I had no idea how all those bikes –one for each kid- had fit into the back of that little truck. But none-the-less, the parking lot back at the hotel was filled with a bunch of relatively new, Trek mountain bikes. Using my colleague Vivian to translate, I asked the first of the two men if it was his business. No, he just worked for the other guy, who owned the company. It appeared to be a good little bike rental business they had going. It’s good to see that the entrepreneurial spirit is alive and well in rural China.
Adilah, our guide from Dragonfly, walked her backpack to the end of the driveway and set it down. She had just set up the world’s simplest obstacle course. “Boys and girls, I am going to test each one of you to make sure you can ride,” she announced. Are you serious, these kids are eleven and twelve years old, Adilah. Of course they can ride a bike.
Well not so fast. The area of the New Territories where we live is fairly bike friendly, but that’s not true of all of Hong Kong. Some of our students simply have not had a lot of opportunities to master the bicycle.
Just in case, the men from the bike rental company had also brought along two tandem bicycles. But happily, we wouldn’t need them today. All of our students passed Adilah’s simple test. A few of them, just barely.
We were off.
We had a great ninety-minute ride through rural China. We rode on paths that cut through farm fields, villages, and even rode through the middle of a rural brick-making facility. We rode single file, and I purposely fell back to the last position so that I could stop, take a picture, and then quickly catch up with the group.
After a month-long dry spell in the Yangshuo area, it finally rained last night. The brickyard we were cutting through had been built where there was a steady supply of thick, heavy . . . mud. And that is exactly what our students found themselves in the middle of. On the outer edges of the brickyard our students got bogged down in a big patch of mud. The more they struggled, the more they churned up the mud. Their bikes got so caked with mud that their wheels wouldn’t turn. The students couldn’t push their bikes forward let alone ride them.

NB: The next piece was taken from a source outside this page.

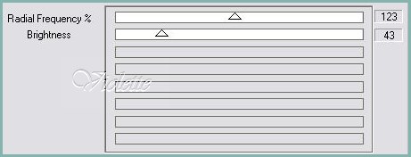 4 - Réglages/Réduction rapide du bruit 5 - Effets/Simple/Quick Tile 6 - Effets/ Krusty's FX vol III 1.0/Radial Texturizer avec ces valeurs: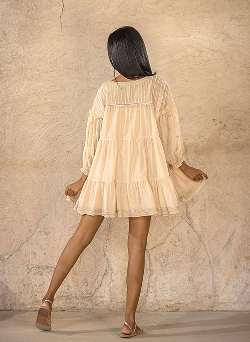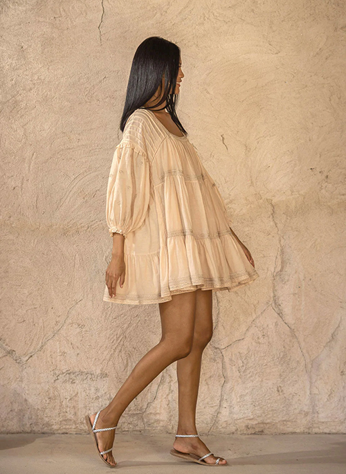 AURA FLORA is your everyday summer dress. Comfort first but never at the compromise of pretty details; there are many worth mentioning in this dress. From finest ladder laces and mindfully placed embroidery details, to pin tucks and small frills, this ¾ sleeve tiered dress is simply beautiful and easy to wear. Stitched from a premium cotton viscose voile blend. Comes with a detachable lining strap dress to maximise wearability.

I hung back and let them struggle for ten minutes. I figured it was both a good group problem-solving opportunity and a character-building exercise. Besides, there were pictures of the Chinese brickyard to take because really, when is the next time I am ever going to find myself in a rural Chinese brick-making facility?
Eventually, I had mercy on my students, trudged into the mud, hoisted one bike after another onto my shoulder, and carried them to the other side of the mud bowl.
Finally, I went back and got my bike. I backed up fifty yards, built up some speed, and blew through the mud pit. My bike spewed mud everywhere, but I made it through. I’m sure my students would have been impressed if they hadn’t been too busy cleaning the mud out of their break assemblies with the sticks they had found on the ground.